→ Problem description: Your answer should give again, exactly, the lines from the beginning of the entries below through the line containing "可以说如果仅看《三国志》中曹". It must contain no pictures.

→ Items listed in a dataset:
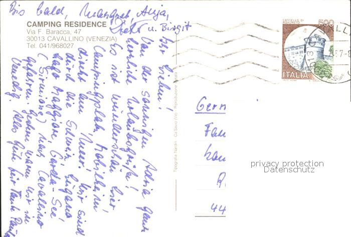 old postcard Cavallino Venezia Camping Residence postalisch gelaufen Erhaltung siehe scans
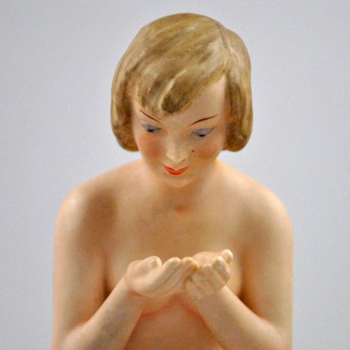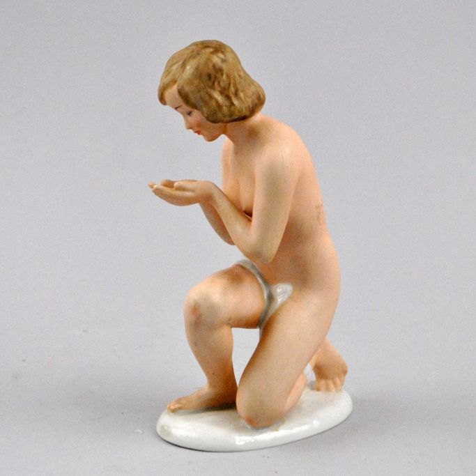 German porcelain model of nude young girl.
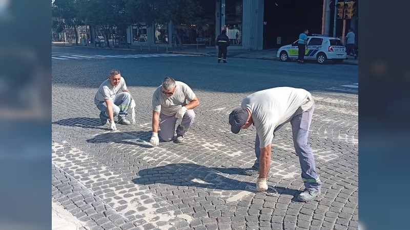 Los trabajos comprenden la demarcación de sendas peatonales por bulevar 25 de Mayo hasta bulevar Buenos Aires.
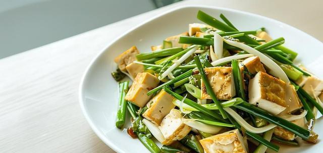 8. 装盘:炒好后,将韭菜豆腐盛出装盘,撒上少许葱花做装饰,完成。
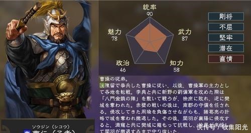 可以说如果仅看《三国志》中曹仁的本传,曹仁似乎除了晚年一次惨败外,其余表现还算出色,但能力其实是对比出来的,我们把同时期其余将领的事迹摆在一起,就可以知道所谓"曹仁决定了曹魏的下限"到底是怎么回事。曹仁为将时期因缺乏军功,军位从仅次夏侯惇一路下滑到不如李典等人。一、初投曹营时,曹仁地位确实仅次夏侯惇
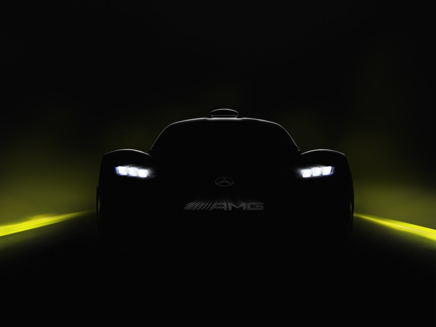 The solitary image reveals a car that has a clear 'Le Mans racer' look, despite the fact AMG is saying it is bringing F1 technology to the road (more on that in a moment), and a roof scoop to funnel air into its mid-mounted V6 turbocharged engine.
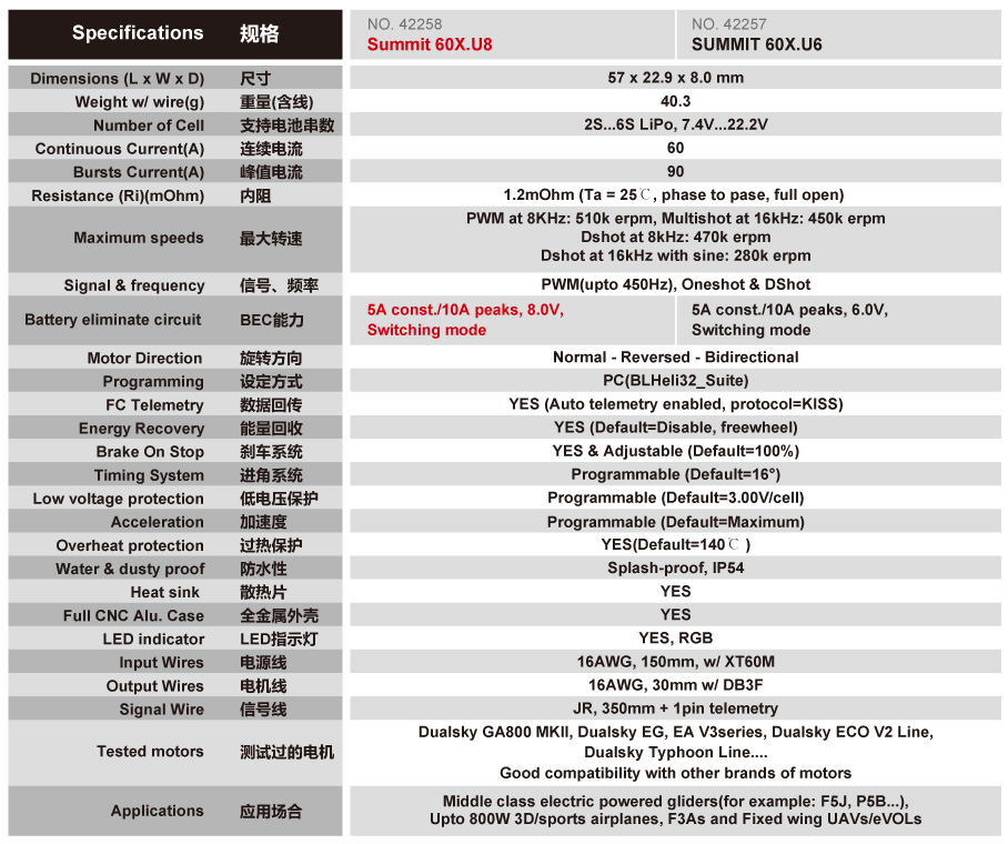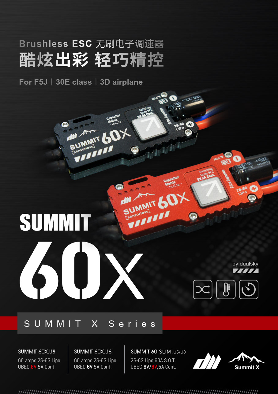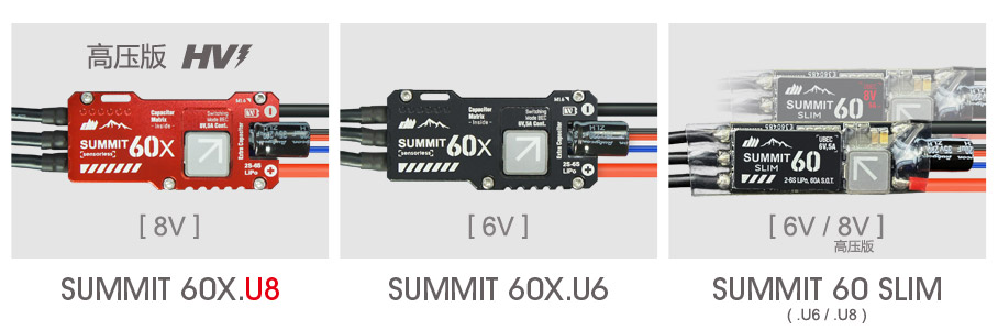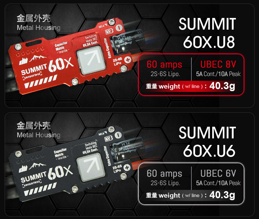SUMMIT 60X.U8 - 60 amps, 2S-6S Lipo - UBEC 8V, 5A Cont./10A Peak - Full CNC ALU. cases - 32-bit ARM core, supports EA, GA motors - Fully programming |

→ Exercise response:
 old postcard Cavallino Venezia Camping Residence postalisch gelaufen Erhaltung siehe scans
 German porcelain model of nude young girl.
 Los trabajos comprenden la demarcación de sendas peatonales por bulevar 25 de Mayo hasta bulevar Buenos Aires.
 8. 装盘:炒好后,将韭菜豆腐盛出装盘,撒上少许葱花做装饰,完成。
 可以说如果仅看《三国志》中曹仁的本传,曹仁似乎除了晚年一次惨败外,其余表现还算出色,但能力其实是对比出来的,我们把同时期其余将领的事迹摆在一起,就可以知道所谓"曹仁决定了曹魏的下限"到底是怎么回事。曹仁为将时期因缺乏军功,军位从仅次夏侯惇一路下滑到不如李典等人。一、初投曹营时,曹仁地位确实仅次夏侯惇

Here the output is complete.